### WORK INSTRUCTION
Starting at the line that contains "- As your potato", reproduce every line through the end of the entries below, with no pictures in the copy.

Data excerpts
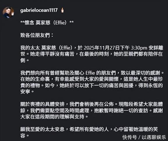 全文如下:“怀念 莫家慈(Effie)*致各位朋友:我媳妇儿莫家慈(Effie),���日下𴃓点半,安详走了。她走得很平静,没有什么痛苦,最后的时候,亲人们都在她身边陪着。咱们想对所有曾经帮助和关心 Effie 的朋友们,表示最真诚的感谢!在她这一辈子里,能感受到身边人给予的爱和关心,真是她一生中最宝贵的财富。现在,她终于可以把那些烦心事和痛苦都放下,过上永远的安宁生活了。关于丧礼的具体安排,我们稍后再告诉大家。现在希望大家能够理解,我们需要一些时间和空间来处理事情,抱歉暂时不方便接待大家的查访。感谢大家这段时间的理解和支持,真心谢谢你们!希望我心爱的媳妇能得以安息,也愿所有爱她的人都能记住她那温暖的笑容。“这是莫家慈的老公海俊杰给你问好!”
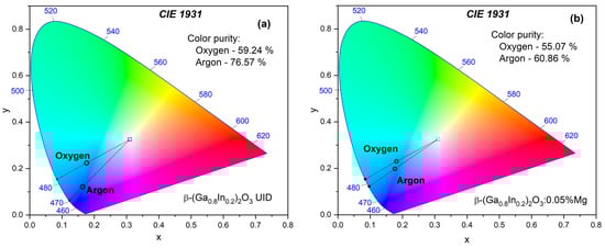 CIE 1931 chromaticity diagram for β-(Ga0.8In0.2)2O3 (a) and β-(Ga0.8In0.2)2O3:0.05%Mg (b) ceramics synthesized in oxygen and argon atmospheres.
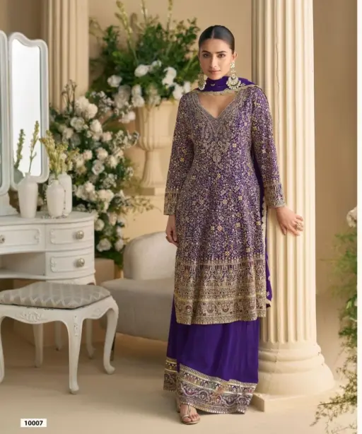 | Details | Premium Real Georgette (Heavy Look Embroidered Top with Hand Seroski, Embroidered Palazzo, Embroidered Dupatta) |
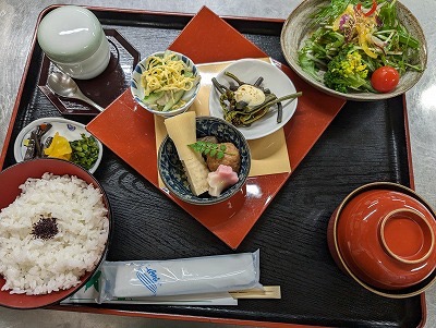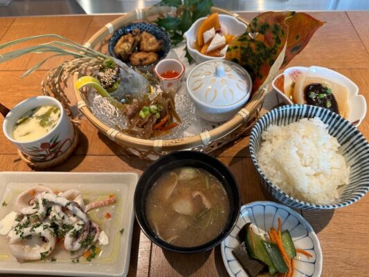 皆生温泉エリアにある和と洋が融合したお店です。ランチタイムには前菜5種とメイン1品、ご飯、みそ汁、コーヒーがセットになった花かご膳が人気を集めています。淀江産のお米や契約農家から仕入れた野菜、境港産のお魚など地元食材をふんだんに使用し、一品一品丁寧に作られた料理が華やかに盛り付けられています。パンとデザートは米子市の人気店CAFE&BAKERY APLICOから仕入れているというこだわりも。ディナータイムには大山ぶたや大山どりを使った一品料理やコース料理も楽しめます。明るく気さくなスタッフの対応も評判で、料理の説明を丁寧にしてくれるので、より一層食事を楽しめます。皆生温泉での滞在中、特別な食事時間を過ごしたい方におすすめのお店です。
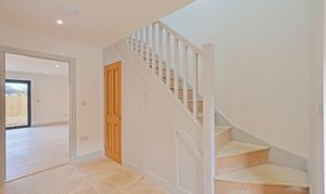 Entering the property through the front door, into an entrance hallway with the staircase to the first floor.
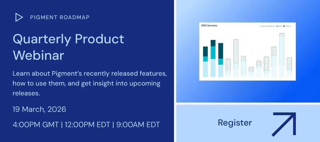 Join us March 19th at 4pm GMT for our exclusive webinar, designed just for our customers and partners, where we dive into the latest and greatest features in Pigment. This is your chance to get a first look at our product roadmap, connect with peers, and discuss the topics that matter to you.
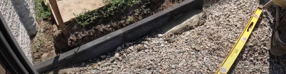 - По краях котловану встановлюються бордюри. Установка проводиться на цементно-піщаний розчин (1 частина цементу до 3 частин піску). За необхідності спочатку насипається і утрамбовується шар щебеню, достатній, щоб підняти бордюри на потрібну висоту.
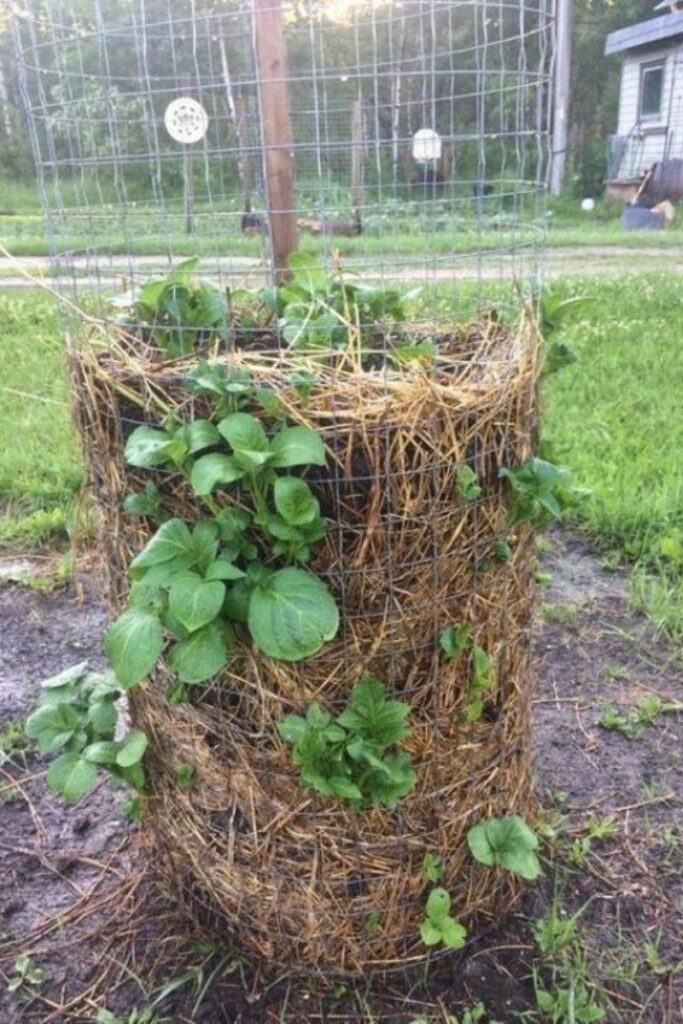 - As your potato plants grow, keep adding mixtures of straw and soil.
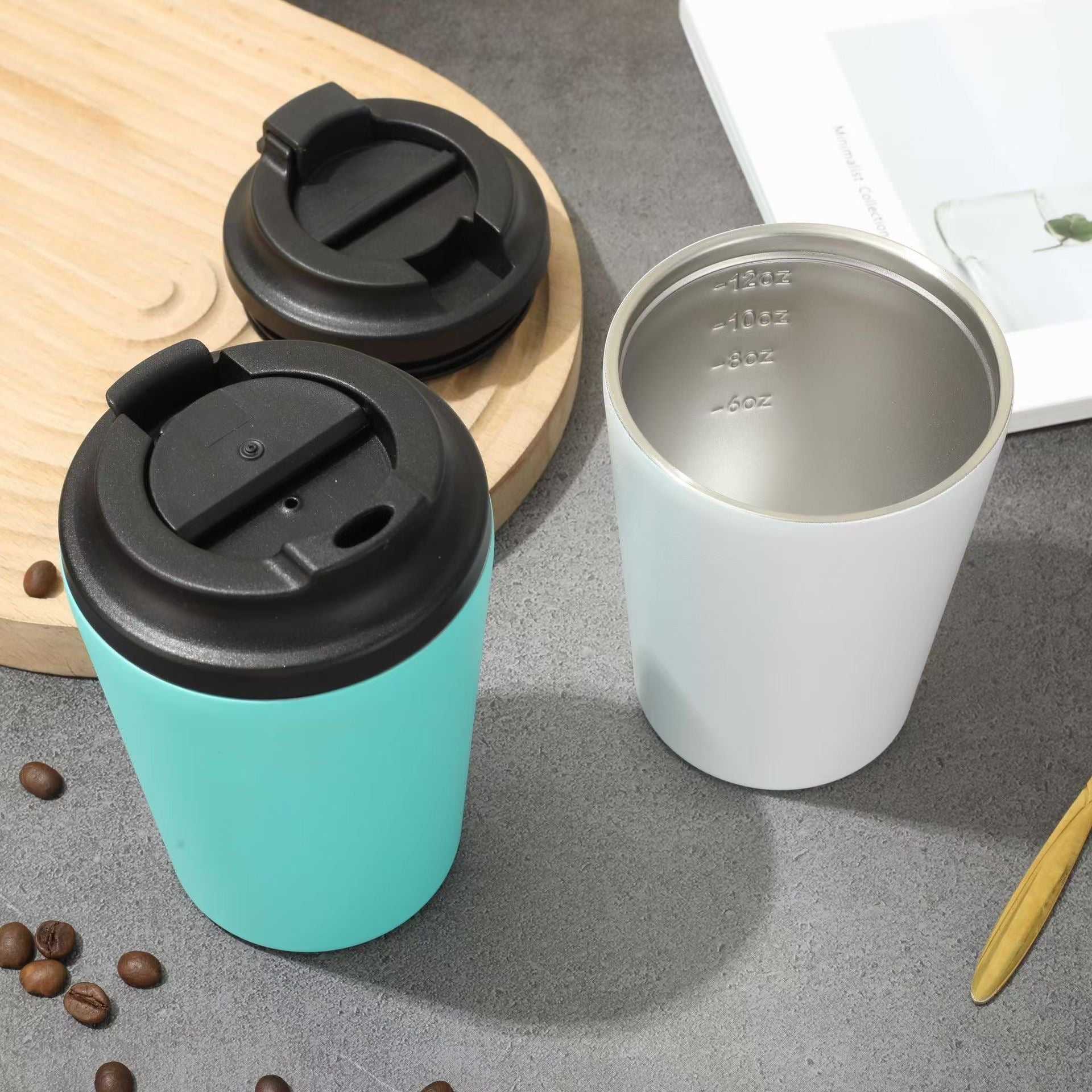 powder coated 8oz 12oz double walled vacuum insulated coffee mugs with Spill Proof lid _miki
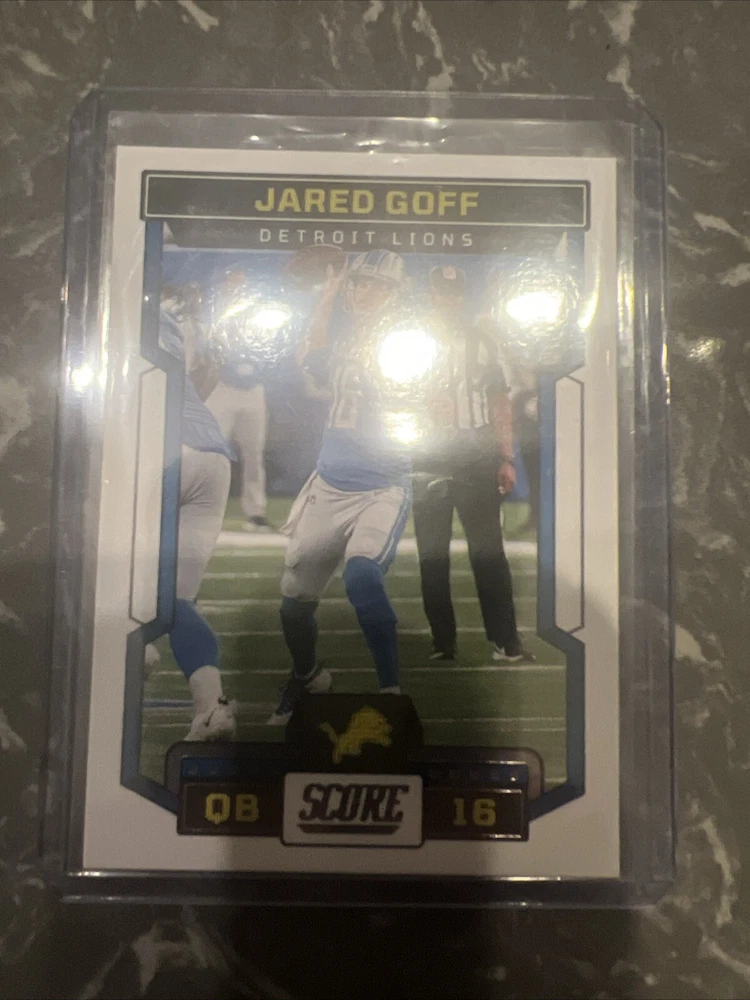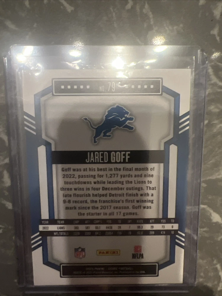 Team: Detroit Lions League: National Football League (NFL) Card Number: 79 Type: Sports Trading Card Manufacturer: Panini Sport: Football Set: 2023 Score Player/Athlete: Jared Goff Season: 2023
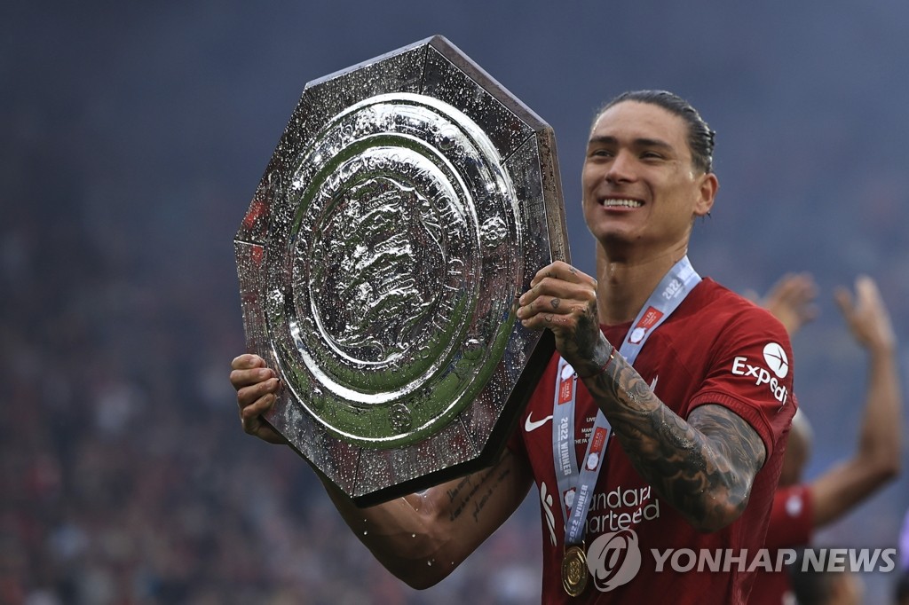 ▲ 리버풀 이적 후 첫 트로피 들어 올린 다윈 누녜스 (레스터 AP=연합뉴스) 잉글랜드 프로축구 프리미어리그(EPL) 리버풀의 다윈 누녜스(우루과이·23)가 지난달 30일(현지시간) 영국 레스터의 킹파워 스타디움에서 열린 맨체스터 시티(맨시티)와 2022 FA 커뮤니티 실드에서 승리한 뒤 트로피를 들고 기뻐하고 있다. 이번 시즌 개막을 앞두고 SL 벤피카(포르투갈)를 떠나 리버풀에 합류한 누녜스는 이날 경기 후반 추가시간에 헤딩 득점을 성공, 팀의 3-1 승리에 기여했다. 2022.7.31 alo95@yna.co.kr

### RESPONSE
 - As your potato plants grow, keep adding mixtures of straw and soil.
 powder coated 8oz 12oz double walled vacuum insulated coffee mugs with Spill Proof lid _miki
 Team: Detroit Lions League: National Football League (NFL) Card Number: 79 Type: Sports Trading Card Manufacturer: Panini Sport: Football Set: 2023 Score Player/Athlete: Jared Goff Season: 2023
 ▲ 리버풀 이적 후 첫 트로피 들어 올린 다윈 누녜스 (레스터 AP=연합뉴스) 잉글랜드 프로축구 프리미어리그(EPL) 리버풀의 다윈 누녜스(우루과이·23)가 지난달 30일(현지시간) 영국 레스터의 킹파워 스타디움에서 열린 맨체스터 시티(맨시티)와 2022 FA 커뮤니티 실드에서 승리한 뒤 트로피를 들고 기뻐하고 있다. 이번 시즌 개막을 앞두고 SL 벤피카(포르투갈)를 떠나 리버풀에 합류한 누녜스는 이날 경기 후반 추가시간에 헤딩 득점을 성공, 팀의 3-1 승리에 기여했다. 2022.7.31 alo95@yna.co.kr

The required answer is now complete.